Display : 2.4" 112000 pixel Amorphous silicon TFT (around 91% scene coverage)
Storage : Internal 12Mb plus xD Card (16Mb one supplied)
Power : 2xAA

Usability

 

The reason I mentioned that this camera is more suited to the home or first time users, is that this camera takes the concept of KISS ("Keep It Simple, Stupid") to a whole new level.

The Camera has no ‘manual’ modes to speak of, and in its default power up state uses a quite competent auto mode. This can be overridden, however it looks like the Fuji engineers believed that end users wouldn’t be messing about in the menus, and as such have spent very little time on their design and layout.

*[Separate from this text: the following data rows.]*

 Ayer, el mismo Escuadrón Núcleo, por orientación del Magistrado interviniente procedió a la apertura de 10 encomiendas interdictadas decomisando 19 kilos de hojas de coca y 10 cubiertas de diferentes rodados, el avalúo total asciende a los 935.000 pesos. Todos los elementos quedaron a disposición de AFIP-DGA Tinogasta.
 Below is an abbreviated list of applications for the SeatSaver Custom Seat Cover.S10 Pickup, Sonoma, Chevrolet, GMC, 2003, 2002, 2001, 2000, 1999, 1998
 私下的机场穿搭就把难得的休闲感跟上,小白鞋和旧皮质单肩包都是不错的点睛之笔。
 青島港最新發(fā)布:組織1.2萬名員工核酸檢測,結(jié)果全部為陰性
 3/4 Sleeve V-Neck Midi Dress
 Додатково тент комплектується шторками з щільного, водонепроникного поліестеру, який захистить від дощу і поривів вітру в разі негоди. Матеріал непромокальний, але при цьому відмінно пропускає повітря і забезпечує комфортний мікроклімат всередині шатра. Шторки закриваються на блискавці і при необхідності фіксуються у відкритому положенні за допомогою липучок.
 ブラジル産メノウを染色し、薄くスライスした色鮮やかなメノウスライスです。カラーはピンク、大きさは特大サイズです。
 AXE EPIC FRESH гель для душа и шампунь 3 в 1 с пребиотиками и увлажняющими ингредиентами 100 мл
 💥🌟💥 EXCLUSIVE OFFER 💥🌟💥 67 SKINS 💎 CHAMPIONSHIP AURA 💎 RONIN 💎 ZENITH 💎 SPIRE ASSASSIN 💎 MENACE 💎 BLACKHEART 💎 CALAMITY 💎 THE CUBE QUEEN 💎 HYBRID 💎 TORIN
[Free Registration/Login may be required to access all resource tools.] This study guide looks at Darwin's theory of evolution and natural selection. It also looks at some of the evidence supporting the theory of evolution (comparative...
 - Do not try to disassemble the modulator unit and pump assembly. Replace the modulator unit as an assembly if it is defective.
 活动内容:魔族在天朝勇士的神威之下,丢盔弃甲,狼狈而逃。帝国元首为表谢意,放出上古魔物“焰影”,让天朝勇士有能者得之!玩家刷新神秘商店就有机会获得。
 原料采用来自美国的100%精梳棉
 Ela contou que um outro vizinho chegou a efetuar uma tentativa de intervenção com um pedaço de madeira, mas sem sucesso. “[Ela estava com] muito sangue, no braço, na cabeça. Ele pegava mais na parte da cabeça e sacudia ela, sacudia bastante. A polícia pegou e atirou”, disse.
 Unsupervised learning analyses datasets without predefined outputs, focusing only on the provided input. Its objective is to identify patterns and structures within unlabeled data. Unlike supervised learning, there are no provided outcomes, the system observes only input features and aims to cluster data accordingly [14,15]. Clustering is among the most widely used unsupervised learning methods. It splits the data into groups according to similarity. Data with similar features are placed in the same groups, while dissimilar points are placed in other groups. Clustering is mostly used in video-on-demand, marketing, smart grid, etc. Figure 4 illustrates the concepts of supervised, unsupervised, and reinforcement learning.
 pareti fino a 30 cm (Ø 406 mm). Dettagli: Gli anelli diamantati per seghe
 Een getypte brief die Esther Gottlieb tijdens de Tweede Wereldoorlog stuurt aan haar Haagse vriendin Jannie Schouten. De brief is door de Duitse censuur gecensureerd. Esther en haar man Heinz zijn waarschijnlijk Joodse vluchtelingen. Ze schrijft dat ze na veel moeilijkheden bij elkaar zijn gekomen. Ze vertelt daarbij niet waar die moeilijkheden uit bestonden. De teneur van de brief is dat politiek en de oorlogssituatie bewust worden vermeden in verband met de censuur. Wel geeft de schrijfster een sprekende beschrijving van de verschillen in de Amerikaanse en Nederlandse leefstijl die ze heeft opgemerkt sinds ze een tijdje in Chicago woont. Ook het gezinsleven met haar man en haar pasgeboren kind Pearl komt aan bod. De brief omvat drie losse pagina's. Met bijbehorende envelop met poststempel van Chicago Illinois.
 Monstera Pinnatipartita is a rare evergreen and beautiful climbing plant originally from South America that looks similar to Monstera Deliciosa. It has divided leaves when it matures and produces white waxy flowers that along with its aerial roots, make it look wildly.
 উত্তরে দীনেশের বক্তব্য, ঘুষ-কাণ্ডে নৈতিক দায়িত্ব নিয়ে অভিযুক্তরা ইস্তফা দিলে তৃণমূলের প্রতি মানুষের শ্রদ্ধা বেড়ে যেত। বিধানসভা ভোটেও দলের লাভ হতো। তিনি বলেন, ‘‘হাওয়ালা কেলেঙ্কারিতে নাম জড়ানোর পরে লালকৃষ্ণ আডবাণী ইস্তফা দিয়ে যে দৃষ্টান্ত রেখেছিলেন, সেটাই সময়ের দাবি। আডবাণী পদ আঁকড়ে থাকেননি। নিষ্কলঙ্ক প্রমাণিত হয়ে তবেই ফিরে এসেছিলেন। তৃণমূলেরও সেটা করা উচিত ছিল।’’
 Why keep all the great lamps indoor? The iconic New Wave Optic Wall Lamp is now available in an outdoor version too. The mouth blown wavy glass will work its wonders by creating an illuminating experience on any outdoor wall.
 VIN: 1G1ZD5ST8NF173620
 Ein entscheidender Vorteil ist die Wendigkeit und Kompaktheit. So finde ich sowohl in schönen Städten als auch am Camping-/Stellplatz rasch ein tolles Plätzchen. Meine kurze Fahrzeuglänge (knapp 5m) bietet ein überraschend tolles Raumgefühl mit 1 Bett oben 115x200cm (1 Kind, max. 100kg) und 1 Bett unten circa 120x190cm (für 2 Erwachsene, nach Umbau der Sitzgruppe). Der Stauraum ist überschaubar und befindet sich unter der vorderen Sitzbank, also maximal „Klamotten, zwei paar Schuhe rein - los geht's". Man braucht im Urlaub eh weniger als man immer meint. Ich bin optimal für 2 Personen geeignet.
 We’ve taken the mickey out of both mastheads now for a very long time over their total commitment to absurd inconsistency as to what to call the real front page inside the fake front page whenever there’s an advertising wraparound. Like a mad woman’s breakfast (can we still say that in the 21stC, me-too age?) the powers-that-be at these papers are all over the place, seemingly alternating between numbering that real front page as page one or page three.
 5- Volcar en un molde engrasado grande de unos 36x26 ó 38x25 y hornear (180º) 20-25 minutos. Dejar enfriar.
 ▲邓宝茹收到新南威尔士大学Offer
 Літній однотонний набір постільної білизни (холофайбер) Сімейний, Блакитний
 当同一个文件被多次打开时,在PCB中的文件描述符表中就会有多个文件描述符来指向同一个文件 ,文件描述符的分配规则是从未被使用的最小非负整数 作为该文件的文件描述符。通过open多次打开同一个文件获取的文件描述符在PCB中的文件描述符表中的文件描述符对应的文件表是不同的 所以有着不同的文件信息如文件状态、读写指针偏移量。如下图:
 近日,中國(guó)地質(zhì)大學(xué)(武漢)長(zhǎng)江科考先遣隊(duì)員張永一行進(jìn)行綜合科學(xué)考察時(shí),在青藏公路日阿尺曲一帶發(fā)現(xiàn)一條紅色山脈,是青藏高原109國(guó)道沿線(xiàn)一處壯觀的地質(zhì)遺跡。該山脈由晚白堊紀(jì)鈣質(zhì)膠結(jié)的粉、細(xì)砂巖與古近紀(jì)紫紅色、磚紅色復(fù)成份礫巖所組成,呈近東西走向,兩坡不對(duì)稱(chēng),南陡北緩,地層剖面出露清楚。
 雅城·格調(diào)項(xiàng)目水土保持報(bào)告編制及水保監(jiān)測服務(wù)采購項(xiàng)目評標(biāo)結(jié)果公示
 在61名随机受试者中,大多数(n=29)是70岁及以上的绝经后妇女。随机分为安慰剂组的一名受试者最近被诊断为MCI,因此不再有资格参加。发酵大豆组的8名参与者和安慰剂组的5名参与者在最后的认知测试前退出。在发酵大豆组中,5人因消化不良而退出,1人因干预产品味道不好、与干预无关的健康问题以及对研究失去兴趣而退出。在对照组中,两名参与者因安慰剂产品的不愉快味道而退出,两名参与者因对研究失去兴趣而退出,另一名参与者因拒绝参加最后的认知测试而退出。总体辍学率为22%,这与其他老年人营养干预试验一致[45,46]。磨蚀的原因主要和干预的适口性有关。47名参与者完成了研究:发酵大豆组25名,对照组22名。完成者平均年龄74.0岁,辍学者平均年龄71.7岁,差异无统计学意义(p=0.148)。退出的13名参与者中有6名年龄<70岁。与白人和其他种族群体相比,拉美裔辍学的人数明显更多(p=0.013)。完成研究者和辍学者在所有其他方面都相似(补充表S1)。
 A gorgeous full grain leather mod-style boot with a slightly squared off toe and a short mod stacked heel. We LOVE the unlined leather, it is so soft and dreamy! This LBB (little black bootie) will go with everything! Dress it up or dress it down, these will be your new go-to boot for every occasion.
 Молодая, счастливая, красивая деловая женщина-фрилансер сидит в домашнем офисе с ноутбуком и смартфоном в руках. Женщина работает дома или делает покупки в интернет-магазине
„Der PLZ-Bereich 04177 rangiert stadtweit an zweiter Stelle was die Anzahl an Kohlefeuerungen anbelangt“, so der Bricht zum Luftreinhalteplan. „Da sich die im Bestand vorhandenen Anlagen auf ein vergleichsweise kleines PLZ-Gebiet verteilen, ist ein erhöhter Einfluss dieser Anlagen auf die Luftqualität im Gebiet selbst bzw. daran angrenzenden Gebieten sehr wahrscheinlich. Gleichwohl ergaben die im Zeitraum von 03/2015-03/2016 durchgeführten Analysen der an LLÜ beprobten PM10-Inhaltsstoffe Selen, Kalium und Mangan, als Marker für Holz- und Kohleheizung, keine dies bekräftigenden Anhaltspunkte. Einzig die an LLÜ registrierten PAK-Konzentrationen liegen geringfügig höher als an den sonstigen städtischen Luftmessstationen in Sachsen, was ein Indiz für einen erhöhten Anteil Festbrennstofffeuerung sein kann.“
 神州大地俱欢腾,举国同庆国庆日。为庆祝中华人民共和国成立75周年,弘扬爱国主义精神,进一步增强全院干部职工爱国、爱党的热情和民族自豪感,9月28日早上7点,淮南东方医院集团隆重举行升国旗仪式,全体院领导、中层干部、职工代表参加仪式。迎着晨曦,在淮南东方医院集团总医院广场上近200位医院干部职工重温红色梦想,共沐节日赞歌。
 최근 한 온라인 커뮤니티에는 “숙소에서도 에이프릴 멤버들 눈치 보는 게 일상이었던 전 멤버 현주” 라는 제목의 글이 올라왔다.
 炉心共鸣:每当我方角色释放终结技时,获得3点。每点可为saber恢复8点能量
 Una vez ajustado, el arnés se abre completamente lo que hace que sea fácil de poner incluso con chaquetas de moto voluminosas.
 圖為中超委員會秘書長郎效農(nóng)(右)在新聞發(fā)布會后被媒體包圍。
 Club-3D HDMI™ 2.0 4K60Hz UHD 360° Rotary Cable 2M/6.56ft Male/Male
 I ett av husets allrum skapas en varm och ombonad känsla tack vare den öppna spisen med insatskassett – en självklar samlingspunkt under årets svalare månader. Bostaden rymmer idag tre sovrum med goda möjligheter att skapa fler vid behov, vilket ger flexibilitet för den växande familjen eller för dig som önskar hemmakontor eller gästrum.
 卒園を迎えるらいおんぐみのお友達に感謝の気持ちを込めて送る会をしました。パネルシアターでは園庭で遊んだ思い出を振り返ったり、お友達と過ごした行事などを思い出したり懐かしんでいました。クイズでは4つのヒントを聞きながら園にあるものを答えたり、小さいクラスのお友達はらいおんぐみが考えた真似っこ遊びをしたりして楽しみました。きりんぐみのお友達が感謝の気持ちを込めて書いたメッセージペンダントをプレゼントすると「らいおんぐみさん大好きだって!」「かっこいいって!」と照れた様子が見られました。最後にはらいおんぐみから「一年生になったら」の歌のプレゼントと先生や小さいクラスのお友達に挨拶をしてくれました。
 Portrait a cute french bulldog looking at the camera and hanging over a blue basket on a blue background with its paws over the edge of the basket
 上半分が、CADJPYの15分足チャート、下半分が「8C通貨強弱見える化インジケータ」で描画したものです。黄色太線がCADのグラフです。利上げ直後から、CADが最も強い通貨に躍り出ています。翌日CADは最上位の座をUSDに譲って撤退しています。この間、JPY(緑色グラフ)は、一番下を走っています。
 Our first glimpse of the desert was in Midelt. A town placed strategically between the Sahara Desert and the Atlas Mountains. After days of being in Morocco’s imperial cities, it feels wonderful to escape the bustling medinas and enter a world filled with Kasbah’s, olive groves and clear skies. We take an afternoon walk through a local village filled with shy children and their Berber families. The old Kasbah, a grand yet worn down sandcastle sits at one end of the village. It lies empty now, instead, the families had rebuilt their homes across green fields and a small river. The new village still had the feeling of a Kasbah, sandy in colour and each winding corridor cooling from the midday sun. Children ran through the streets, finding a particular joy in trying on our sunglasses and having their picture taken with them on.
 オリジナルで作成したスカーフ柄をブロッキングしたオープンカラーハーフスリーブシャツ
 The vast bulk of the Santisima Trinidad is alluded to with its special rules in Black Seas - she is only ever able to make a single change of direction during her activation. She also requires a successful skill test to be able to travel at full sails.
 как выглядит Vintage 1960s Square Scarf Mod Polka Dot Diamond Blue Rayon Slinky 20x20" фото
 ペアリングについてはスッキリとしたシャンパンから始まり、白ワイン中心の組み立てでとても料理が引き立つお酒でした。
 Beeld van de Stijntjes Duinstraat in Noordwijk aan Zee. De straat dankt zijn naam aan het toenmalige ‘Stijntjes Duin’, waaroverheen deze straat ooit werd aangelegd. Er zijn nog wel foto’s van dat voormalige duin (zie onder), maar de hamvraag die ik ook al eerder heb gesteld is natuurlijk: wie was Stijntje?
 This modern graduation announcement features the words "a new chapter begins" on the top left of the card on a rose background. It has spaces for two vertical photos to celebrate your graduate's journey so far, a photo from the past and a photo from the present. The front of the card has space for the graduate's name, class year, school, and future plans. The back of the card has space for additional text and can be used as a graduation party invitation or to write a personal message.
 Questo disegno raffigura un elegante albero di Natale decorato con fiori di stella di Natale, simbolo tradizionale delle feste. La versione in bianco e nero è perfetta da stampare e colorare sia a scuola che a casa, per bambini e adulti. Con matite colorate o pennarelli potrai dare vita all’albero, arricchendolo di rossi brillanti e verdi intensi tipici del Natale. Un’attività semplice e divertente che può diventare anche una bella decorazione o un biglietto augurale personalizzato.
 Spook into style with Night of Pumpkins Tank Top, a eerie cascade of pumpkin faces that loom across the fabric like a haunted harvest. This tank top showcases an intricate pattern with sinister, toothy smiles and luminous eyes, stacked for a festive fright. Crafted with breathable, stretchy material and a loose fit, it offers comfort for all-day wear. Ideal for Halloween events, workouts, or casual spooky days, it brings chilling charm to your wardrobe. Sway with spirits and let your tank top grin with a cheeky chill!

The point and shoot concepts of the camera work well; the zoom is easy to use, as is the display on the rear.

The camera is a little large in comparison to some of the other devices on the market (for example the Optio A20 which I reviewed earlier in the year).

Photos

The pictures the camera produces are a little hit and miss. In good lighting, or under ideal conditions for the flash, the camera produces photos that are at least on a par with more expensive equipment. Its abilities under extreme lighting conditions are not so good.

As you can see from the two pictures here (the right being the cleaned version), the photos do show improvement with just a little touching up. This however does not help in dark conditions. The camera just does not seem to pick up enough information for you to touch things up later.

The camera ‘s macro mode is also a little hit and miss. If you get the distance from the object just right, it produces some good quality shots (under good lighting). There is very little noise to be seen in the photos, even when zooming in on the image after it’s been taken. This shows that the CCD of the device is quite good. It seems that the downside to the device is probably due to the lens and software.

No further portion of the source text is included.